Authors: Eugenio Fuentes
‘It’s advisable.’
‘You and your military mind,’ she joked. ‘Always seeing problems
where there aren’t any. Jaime would never dare claim any of that money. He knows it’s not his,’ she said, and further explained. ‘He knows it’s yours.’
‘Well, tomorrow when I take these papers to the bank there will be no point in speculating whether he’d claim it or not. He simply won’t be able to. Has he paid this month’s alimony, by the way?’
‘No. I’ve told you he’s had some trouble at the company.’
‘You not demanding what your children are entitled to won’t solve his problems.’
‘Your never liked Jaime, Dad,’ she said. The sweetness of her tone softened the harshness of the comment. ‘You’ve always thought badly of him. I don’t mean to say he didn’t disappoint me either, but I know him …’
‘Better than me, I admit,’ he interrupted.
‘And I know he’d never do such a thing. But for your peace of mind, I’ll sign those papers right now. Give them here.’
As he passed her the printed papers marked with crosses where she should sign, he remembered the conversation they’d had when she’d told him she was going to marry Jaime. He’d warned her that he didn’t like him and didn’t think it was a very good idea. Jaime struck him as immature, silly, volatile, very well suited to that company of his, Vertical Mediterranean, but not calm enough for the stability a marriage requires. He admitted women might find Jaime very seductive when he put on his harness and clipped himself to a safety rope and climbed up to carry out one of those jobs he did: putting up an advertising poster on top of a building or fixing a satellite dish or an aerial. Up there, all lightness and confidence, he might look like a sleepwalking angel, a bird or a feline moving along the parapets, oblivious to vertigo and fear. But back on the ground he suddenly looked smaller, as if he wasn’t the same person that had been silhouetted against the sky, and his comments sounded vain and trivial when he responded to the praise of those who had seen him at work. Time had proved Olmedo right, but he’d never been cruel to his daughter, had never said, ‘I told you so, I did tell you he was only a peacock. I said
he wouldn’t make you happy, and you didn’t listen, didn’t take my advice. So now take responsibility for your actions and deal with the consequences on your own.’ On the contrary, when she confessed her failure, he opened his arms and gave her his full support.
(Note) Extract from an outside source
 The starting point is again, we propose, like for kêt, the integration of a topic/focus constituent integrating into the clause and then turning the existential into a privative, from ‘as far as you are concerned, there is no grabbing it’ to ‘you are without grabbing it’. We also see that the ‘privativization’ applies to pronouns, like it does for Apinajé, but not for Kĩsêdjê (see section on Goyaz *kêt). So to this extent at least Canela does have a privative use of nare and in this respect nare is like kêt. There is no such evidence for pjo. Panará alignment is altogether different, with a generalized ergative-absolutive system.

‘Here,’ she said, handing him the signed papers.
‘I don’t care whether I was right or wrong. I only want for you to be happy.’ He was pleased to see his daughter smile before she gave him a hug.
‘I am, Dad. I’m pretty sure I am.’
‘It’s the only thing that matters.’
‘I know.’
‘What time did you tell Gabriela?’ said Olmedo, and cast a glance at the clock ticking on the wall.
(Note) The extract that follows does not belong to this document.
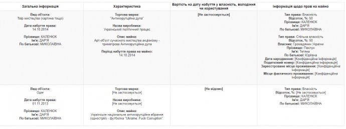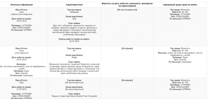 Кроме того, среди ценностей, задекларированных антикоррупционерами: инсталляции с уличных акций ЦПК, смирительная рубашка и футболка с надписью "Fuck Corruption", протестные плакаты, книги с автографами и старопечатные книги, "Кобзарь" и Конституция Украины. А также лабрадор и два кота.
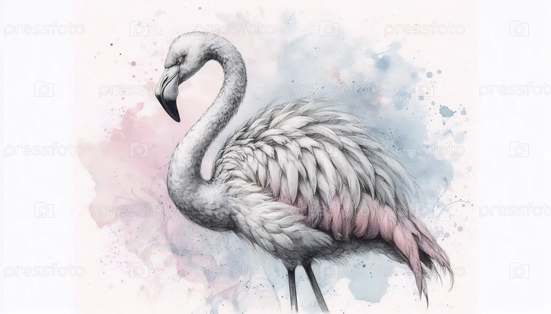 Элегантный чернил фламинго рисует художественную печать, Ai generated image

‘In five minutes. She’ll be here any moment. You know how punctual she is.’
She cleared the cups and took them to the kitchen.
Olmedo was about to take the boy out to play in the garden when he discovered his grandson needed a diaper change. He told his daughter, who picked him up and went to take care of it. One minute after ten the doorbell rang.
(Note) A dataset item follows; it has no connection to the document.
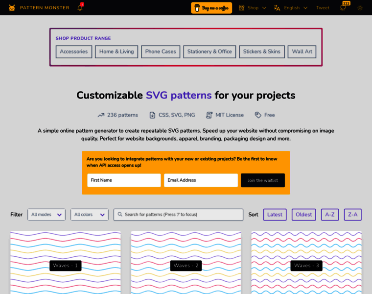 A simple online pattern generator to create repeatable SVG patterns. Perfect for website backgrounds, apparel, branding, packaging design and more.

‘Can you get that?’ shouted Marina from the bathroom.
But he had already lifted the receiver of the intercom, and when he heard, ‘It’s me, Gabriela,’ he buzzed her in. Then he opened the door and waited in the doorway with a strange feeling of novelty. It was the first time Gabriela had visited his daughter’s house; whenever all three had met before, to go shopping or share a meal, it had been in a public place or in his flat. But the fact that Gabriela was now coming to the house where father and daughter – the family – were waiting added to their closeness, as if she were saying she did not only accept him, Camilo Olmedo, but also the circumstances surrounding him.
But there was a further dimension to her visit. For someone who had lost her son so violently, to the jaws of a dog, any reference to children could only bring to mind her own loss. The
imbalance between his own general well-being and Gabriela’s situation seem terribly unfair to Olmedo; her suffering was such that she spent whole afternoons in her flat, thinking of her son, looking at pictures of him, fighting back an enormous amount of pain. And so he felt he was beholden to her, and wanted to spend time with her not only for the sake of passion, as would have been the case twenty or thirty years before, but also to impart
something
of his own serenity and try to assuage her sorrow.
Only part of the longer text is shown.